Numa decisão surpreendente, a Comissão Europeia anunciou que vai retirar outra componente fundamental da outrora emblemática política do Acordo Verde, apesar de a legislação estar perto da aprovação final.
A Comissão Europeia tenciona retirar uma proposta destinada a combater o chamado "greenwashing", garantindo que as alegações ambientais das empresas são exatas, fundamentadas e verificadas de forma independente, disse hoje aos jornalistas um porta-voz do executivo da UE.
A proposta relativa às alegações ecológicas foi inicialmente apresentada em março de 2023 como parte do quadro legislativo mais vasto do Pacto Ecológico Europeu.
Esta medida é a mais recente de uma série de retrocessos das principais iniciativas do Pacto Ecológico, depois de os chamados documentos "Omnibus" destinados a simplificar a legislação da UE terem efetivamente reduzido o âmbito de aplicação de medidas como o mecanismo de ajustamento das emissões de carbono nas fronteiras.
O anúncio da diretiva relativa às reivindicações ecológicas foi feito antes da reunião final entre a Presidência polaca do Conselho da UE e os eurodeputados, agendada para a próxima segunda-feira, que deverá dar luz verde à proposta antes da sua adoção formal.
A sua retirada nesta fase tardia apanhou muitos de surpresa, incluindo os negociadores. Quando questionados pelos jornalistas, os funcionários da Comissão recusaram-se a fornecer razões pormenorizadas para a decisão, dizendo apenas que mais informações se seguiriam.
De acordo com fontes parlamentares próximas do dossier, os negociadores principais, a eurodeputada socialista Delara Burkhardt e o eurodeputado liberal Sandro Gozi, tencionavam prosseguir com as negociações do trílogo na segunda-feira, referindo que as conversações estavam a aproximar-se de uma conclusão bem-sucedida.

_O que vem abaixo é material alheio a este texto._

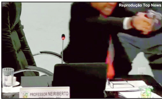
Momento foi de tensão na Câmara de Querência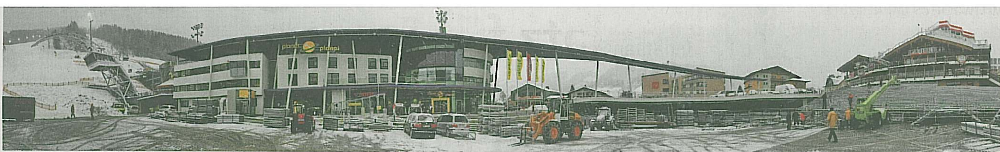
Das neue Zielstadion samt Planet Planai: Unterirdisch entstand ein 10.000 Quadratmeter großes Servicedeck für die Logistik der WM. Allein die Planai-Bahnen investieren 70 Mill. Euro.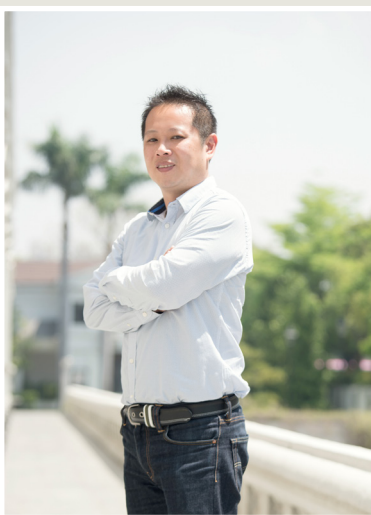
NO.12 高市議壇第十二期 / 議員講堂

黃議員表示，PM2.5是空氣污染中直徑小於2.5微米的懸浮微粒，可以深入人的肺部，並直接進入血管中隨著血液循環全身，對人體造成的影響不容忽視；連世界衛生組織也發表聲明指出，PM2.5是引起缺血性心臟病、心肌梗塞及癌症等非傳染性疾病的危險因子。他期盼市府多種植深根樹種以因應空汙及極端氣候，並推動可行性之防範措施，逐步從社區、學校落實到整個大高雄，以保障高雄市民的健康。

"É inaceitável que a Comissão interfira de forma flagrante com os progressos realizados pelos co-legisladores neste dossiê", disse um membro da equipa de negociação do Parlamento Europeu à Euronews, expressando frustração com o que consideram ser uma medida unilateral e prematura.

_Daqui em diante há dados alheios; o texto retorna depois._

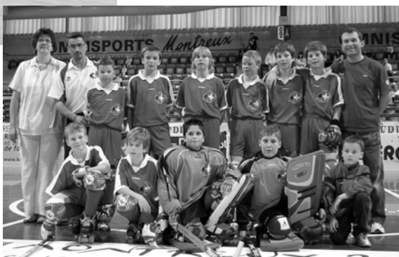
Das Junioren-Team, das in der vergangenen Saison den Schweizer-Meister-Titel holte.

Da mesma forma, a presidência polaca do Conselho da UE "está pronta para entrar de forma construtiva no trílogo e avançar como planeado até que haja uma decisão clara da Comissão [sobre a retirada]", disse um porta-voz polaco à Euronews.

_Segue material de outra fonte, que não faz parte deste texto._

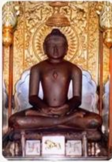
Our Guiding Values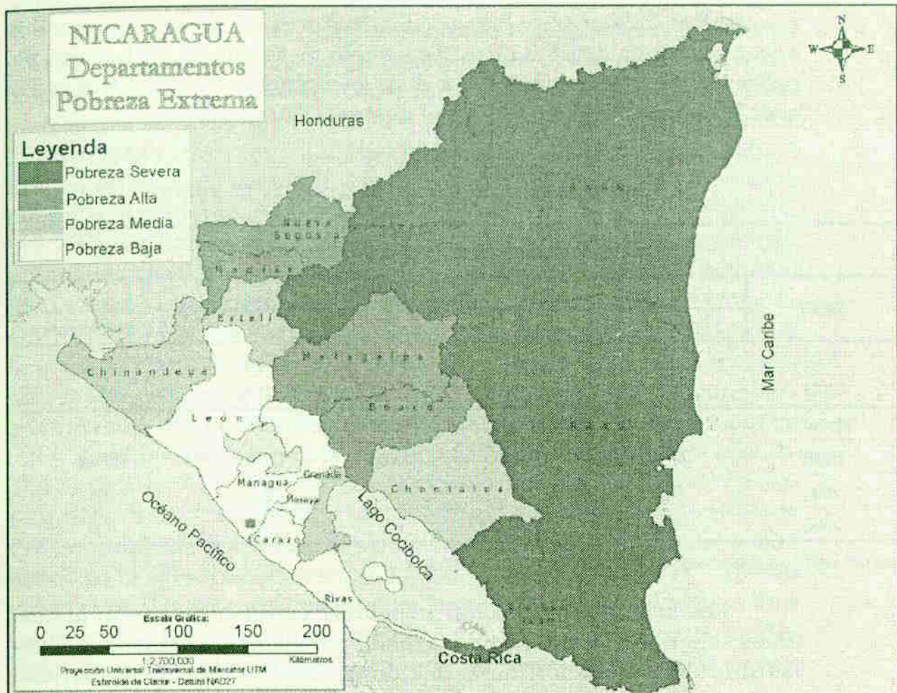
Indicadores de la pobreza extrema por hogar según departamentos

Ainda não se sabe se a decisão de retirar a proposta foi formalmente adotada pelo Colégio da Comissão, a reunião semanal dos 26 Comissários e da presidente da UE, Ursula von der Leyen.
Para além do impacto legislativo imediato, a medida levanta questões mais amplas sobre a autoridade da Comissão para retirar as suas próprias propostas.
Embora os tratados da UE não concedam explicitamente este poder, um acórdão de 2015 do Tribunal de Justiça da União Europeia afirmou que a Comissão pode retirar propostas como parte do seu direito de iniciativa.
No entanto, o Tribunal também deixou claro que este poder é limitado e está sujeito a restrições substantivas e processuais.
O acórdão sublinhou que a retirada só deve ocorrer em casos justificados, como um impasse institucional ou o facto de a proposta se tornar obsoleta.
Nenhuma destas condições parece aplicar-se no caso da diretiva relativa às reivindicações ecológicas, o que suscita preocupações de que a Comissão possa estar a ultrapassar o seu papel e a perturbar o equilíbrio institucional ao exercer um veto de facto sobre o processo legislativo.